C’est toute l’ambiguïté de son rapport à la « société actuelle », qui ne permet pas, selon lui, de bien se connaître:  » Je suis pas un marginal, complètement pas. Si la société pouvait changer un petit peu ce serait bien, mais j’ai pas envie de m’exclure de tout ça, j’ai besoin de contact social. J’ai juste besoin de trouver des personnes qui me correspondent. J’ai pas forcément envie d’avoir tout de suite une maison, une femme, des enfants et une petite voiture. C’est pas ma priorité, je voudrais d’abord savoir m’aimer correctement avant d’aimer quelqu’un d’autre. »

Partir pour mieux se retrouver

Une méthode, certes risquée, mais plus efficace que les stages de formation. La vadrouille lui a permis de tester ses envies, ses affinités, mais aussi ses limites. Surtout dans les situations difficiles: « Se retrouver seul avec soi-même, cela peut permettre de s’ouvrir et de se connaître un peu plus. Je sais que je suis capable de faire certaines choses ». Une liberté qui le contraint matériellement mais qui, selon lui, « permet de savoir ce qui est bon pour [soi] ».

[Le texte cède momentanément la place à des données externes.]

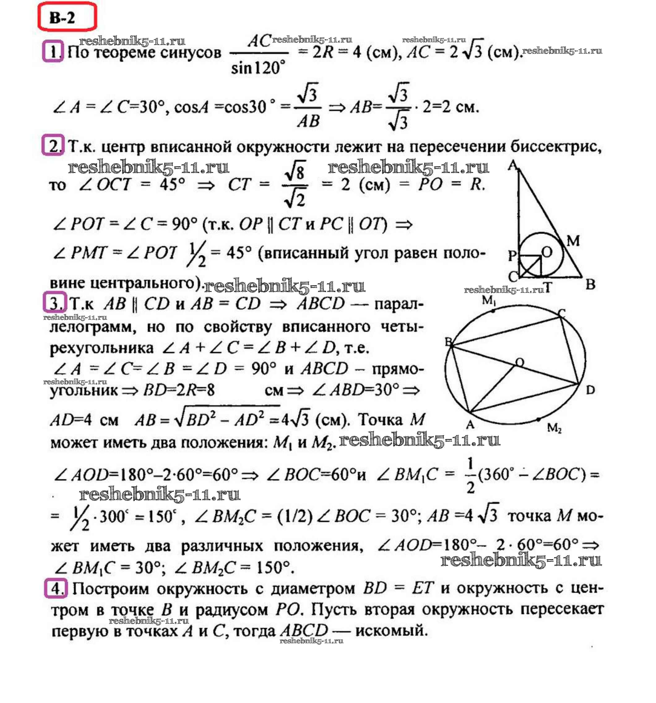 Готовая домашняя работа с ответами по Геометрии за 8 класс Зив, Мейлер Дидактические материалы Просвещение 2016 ФГОС - КР-5 Вариант 2

Du reste, il a encore beaucoup de projet en tête. Il voudrait filmer ses périples et les raconter sur Instagram, à l’image de la voyageuse polonaise Dodo Knitter, rencontrée pendant son ramassage de pommes. Il est aussi en plein apprentissage de l’anglais pour préparer de son tour d’Europe. Car il se l’est promis: à ses trente ans, il réalisera son rêve. Pour l’heure, il souhaite avant tout le transmettre.